Of the changes they made around the home, there were none in the formal living room. “We only made changes to update the kitchen and bathrooms. That’s how well built the home was,” said Martha. She did note that they removed quite a bit of wallpaper and consequently, most of the walls are painted, rather than re-papered. “It took over two weeks to remove all of the old wallpaper, which was three layers thick in some of the rooms and halls. I’m not ready to put more up, yet!” she laughed.

A distinguishing feature of the home, from a builder’s perspective, much to Clyde’s delight, is that the walls are made from Sheetrock, not plaster. A more user-friendly material, it is rare to see in a home from the 1950s. “It’s so much easier to hang pictures, and it doesn’t crack,” said Martha. 

Another of Clyde’s favorite features of the home can be found in the family’s den: a floor-to-ceiling wall of lustrous original heart pine built-in shelving, cabinets and heart pine paneling.
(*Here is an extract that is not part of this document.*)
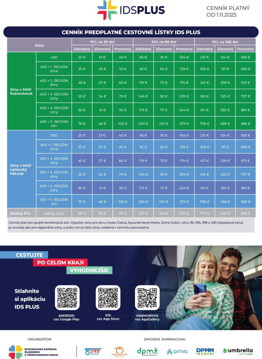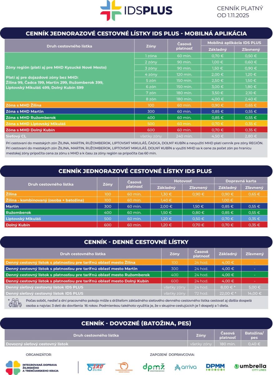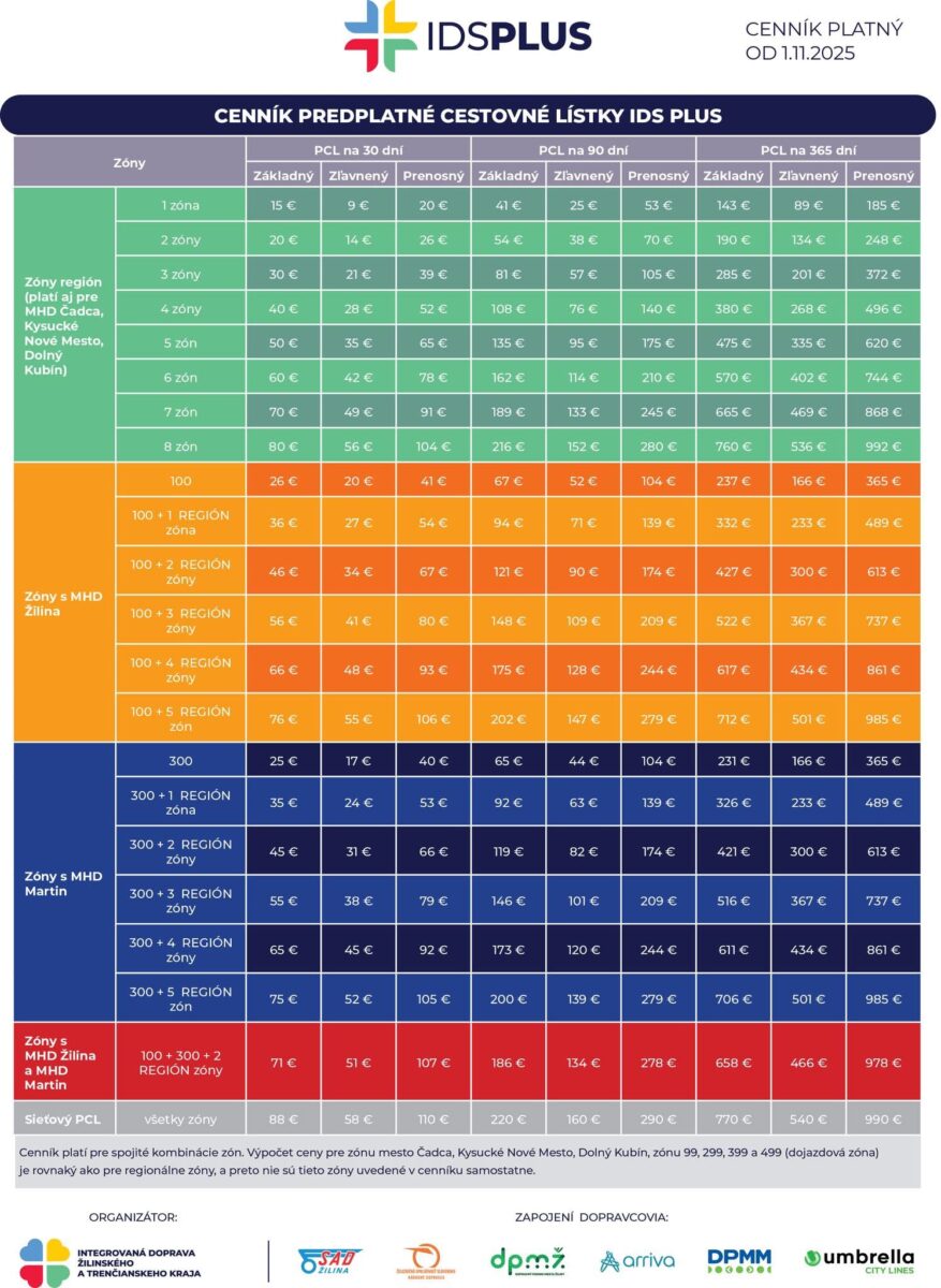Na www.idsplus.sk nájdete mapu zón, ako aj nový cenník platný pre celý Žilinský kraj.

A ubiquitous adornment of the Wood home, family pictures, including a childhood portrait of Clyde Thomas III over the fireplace, cozy up the ample space. “My children love to be in this room and run the fireplace when they are home. The heart pine gives it a warm feel,” said Martha. 

Perpendicular to the den along the main galley, Clyde and Martha’s bedroom is the only bedroom downstairs. While traditionally and perfectly appointed, it showcases a uniquely functional quality, rarely found in a home of the 1950s: ample closet space. A priority of Mrs. Lilly in the building process, the home features spacious closets in each of the bedrooms, even walk-in closets in some.  

While Clyde and Martha never had to “carve out” additional space in many places, the breakfast nook was originally part of their spacious back porch. “When we have family and friends for gatherings, everyone enjoys the porch. Cold weather or warm, that’s where I put my bar,” said Martha. Both the porch and the breakfast nook offer a completely unobstructed view of the perfectly manicured back lawn.  

In the winter months, a focal point of the back yard is a beautifully constructed brick wall, which the Woods added for privacy. Clyde was able to track down the maker of the home’s original brick in Virginia and had the wall built to match. “On our side of the wall, there isn’t a single specialty brick, but it appears to be very ornate and is very beautiful on the neighbor’s side, too. We felt good about the beauty on the other side for them,” said Martha.

In the warmer months, the wall becomes a backdrop for an impressively landscaped lawn, which comes alive with Cherokee roses, a favorite of the original owner, Mrs. Lilly, along with azaleas, ferns and crepe myrtles. The front yard is home to an impressively large tea lily. “It’s one of the largest in the area, and it has a wonderfu l fragrance when it blooms,” said Martha. At 5,500 square feet, the home sits on an acre of land. Luckily, Clyde likes to work in the yard and do a little gardening. “Grant Parker helps keep our yard intact, too,” said Martha.

The fully bricked exterior of the home is laid in Flemish bond, which is decorative, rather than simply functional and requires skill to execute. The bond is characterized by alternating stretchers (sides of brick) and headers (ends of brick) to form a regular pattern that was exceedingly popular in Europe in the 17th century and can still be seen in many well-preserved buildings in colonial Virginia. The bond requires two layers of brick and consequently, the windows of the home are luxuriously deep-set from the interior. 

The roof is the original slate roof from the late 1950s, and has the capacity to last more than 100 years, as it is impervious to water, heat, sunlight and cold. Classic glossy white cornices and dentil molding accentuate the traditional choices of brick pattern and roof. 

The Woods, of course, have no plans to mess with perfection. Regarding their future in the home, Martha surveyed the upstairs playroom fit for her four, soon-to-be five grandchildren, featuring brightly colored toys and an array of princess dresses and smiled, “We briefly considered downsizing, since our children are out of the house, but we’re staying. My daughter and son-in-law are building a home next door.”